■ **Collected data**

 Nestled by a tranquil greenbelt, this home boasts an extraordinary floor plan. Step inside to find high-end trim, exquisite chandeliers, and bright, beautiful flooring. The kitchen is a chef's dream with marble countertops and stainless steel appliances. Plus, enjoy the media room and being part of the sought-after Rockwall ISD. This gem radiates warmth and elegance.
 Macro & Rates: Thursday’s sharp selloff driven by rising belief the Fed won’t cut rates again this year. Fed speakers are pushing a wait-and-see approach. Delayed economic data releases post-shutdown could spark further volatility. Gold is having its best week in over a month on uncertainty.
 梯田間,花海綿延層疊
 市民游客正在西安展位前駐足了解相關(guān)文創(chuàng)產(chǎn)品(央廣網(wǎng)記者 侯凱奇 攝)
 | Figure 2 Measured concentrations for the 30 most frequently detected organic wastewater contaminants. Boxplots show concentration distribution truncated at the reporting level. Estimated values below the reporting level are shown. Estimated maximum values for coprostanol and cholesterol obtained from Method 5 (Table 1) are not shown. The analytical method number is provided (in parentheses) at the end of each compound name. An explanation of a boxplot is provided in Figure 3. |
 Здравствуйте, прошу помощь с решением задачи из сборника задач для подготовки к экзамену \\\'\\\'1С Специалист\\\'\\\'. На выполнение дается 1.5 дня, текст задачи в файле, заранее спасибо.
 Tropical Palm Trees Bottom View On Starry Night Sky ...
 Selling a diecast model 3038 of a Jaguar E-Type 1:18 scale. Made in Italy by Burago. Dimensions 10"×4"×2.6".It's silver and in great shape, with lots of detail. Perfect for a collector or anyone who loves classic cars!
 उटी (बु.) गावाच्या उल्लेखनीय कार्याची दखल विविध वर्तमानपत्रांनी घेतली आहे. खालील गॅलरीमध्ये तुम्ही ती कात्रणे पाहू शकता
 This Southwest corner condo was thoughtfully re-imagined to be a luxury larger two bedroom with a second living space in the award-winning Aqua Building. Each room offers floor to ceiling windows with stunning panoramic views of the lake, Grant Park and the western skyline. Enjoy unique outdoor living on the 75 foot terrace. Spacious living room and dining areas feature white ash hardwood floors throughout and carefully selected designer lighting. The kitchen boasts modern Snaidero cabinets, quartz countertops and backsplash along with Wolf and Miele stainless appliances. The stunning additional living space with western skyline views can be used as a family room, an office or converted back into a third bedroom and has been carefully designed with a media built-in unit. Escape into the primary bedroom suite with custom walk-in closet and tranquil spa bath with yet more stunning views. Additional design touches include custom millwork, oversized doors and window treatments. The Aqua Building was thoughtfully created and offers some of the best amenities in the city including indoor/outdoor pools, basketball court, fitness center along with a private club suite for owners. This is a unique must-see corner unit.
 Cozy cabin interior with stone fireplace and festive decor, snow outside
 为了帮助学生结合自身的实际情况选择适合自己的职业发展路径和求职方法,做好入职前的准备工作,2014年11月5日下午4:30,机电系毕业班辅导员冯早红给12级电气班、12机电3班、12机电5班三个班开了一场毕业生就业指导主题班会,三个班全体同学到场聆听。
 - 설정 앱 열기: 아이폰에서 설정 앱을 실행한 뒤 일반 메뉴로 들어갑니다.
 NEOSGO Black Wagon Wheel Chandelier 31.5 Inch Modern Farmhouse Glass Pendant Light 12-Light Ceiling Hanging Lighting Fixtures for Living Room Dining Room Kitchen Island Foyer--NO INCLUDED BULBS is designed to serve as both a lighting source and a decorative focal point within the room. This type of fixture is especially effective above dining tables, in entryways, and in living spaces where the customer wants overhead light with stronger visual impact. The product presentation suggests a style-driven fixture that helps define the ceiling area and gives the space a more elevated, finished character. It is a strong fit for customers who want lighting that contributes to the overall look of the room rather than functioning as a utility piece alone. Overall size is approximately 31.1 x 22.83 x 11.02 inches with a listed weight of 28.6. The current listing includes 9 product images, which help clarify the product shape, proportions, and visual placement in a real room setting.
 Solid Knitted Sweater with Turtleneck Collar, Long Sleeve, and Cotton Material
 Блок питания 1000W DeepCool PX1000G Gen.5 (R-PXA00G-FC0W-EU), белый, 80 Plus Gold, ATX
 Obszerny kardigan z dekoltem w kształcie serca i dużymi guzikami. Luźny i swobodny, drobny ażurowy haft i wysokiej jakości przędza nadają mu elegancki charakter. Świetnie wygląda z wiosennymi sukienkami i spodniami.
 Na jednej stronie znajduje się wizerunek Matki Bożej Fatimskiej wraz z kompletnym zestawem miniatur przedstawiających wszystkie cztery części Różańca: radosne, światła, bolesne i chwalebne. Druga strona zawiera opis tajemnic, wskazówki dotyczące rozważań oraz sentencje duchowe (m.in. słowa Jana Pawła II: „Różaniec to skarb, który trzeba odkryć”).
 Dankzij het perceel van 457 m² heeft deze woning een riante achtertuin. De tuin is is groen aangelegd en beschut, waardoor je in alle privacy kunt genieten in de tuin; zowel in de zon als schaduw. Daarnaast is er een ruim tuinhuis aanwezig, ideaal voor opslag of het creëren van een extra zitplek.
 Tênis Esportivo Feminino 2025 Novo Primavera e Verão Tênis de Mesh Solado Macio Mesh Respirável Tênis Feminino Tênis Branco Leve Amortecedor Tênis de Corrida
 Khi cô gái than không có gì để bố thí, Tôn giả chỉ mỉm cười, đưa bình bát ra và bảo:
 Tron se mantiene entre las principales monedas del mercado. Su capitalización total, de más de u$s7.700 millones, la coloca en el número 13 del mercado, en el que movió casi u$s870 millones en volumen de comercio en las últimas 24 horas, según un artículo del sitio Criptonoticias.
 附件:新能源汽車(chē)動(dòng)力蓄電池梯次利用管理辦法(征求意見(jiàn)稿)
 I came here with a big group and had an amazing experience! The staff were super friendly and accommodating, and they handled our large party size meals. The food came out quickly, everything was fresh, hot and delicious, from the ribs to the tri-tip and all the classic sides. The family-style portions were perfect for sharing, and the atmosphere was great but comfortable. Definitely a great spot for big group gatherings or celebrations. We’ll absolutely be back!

■ **Task prompt**
Going through the data above, return each line with the word "Gold".

■ **Response to this exercise**
 Macro & Rates: Thursday’s sharp selloff driven by rising belief the Fed won’t cut rates again this year. Fed speakers are pushing a wait-and-see approach. Delayed economic data releases post-shutdown could spark further volatility. Gold is having its best week in over a month on uncertainty.
 Блок питания 1000W DeepCool PX1000G Gen.5 (R-PXA00G-FC0W-EU), белый, 80 Plus Gold, ATX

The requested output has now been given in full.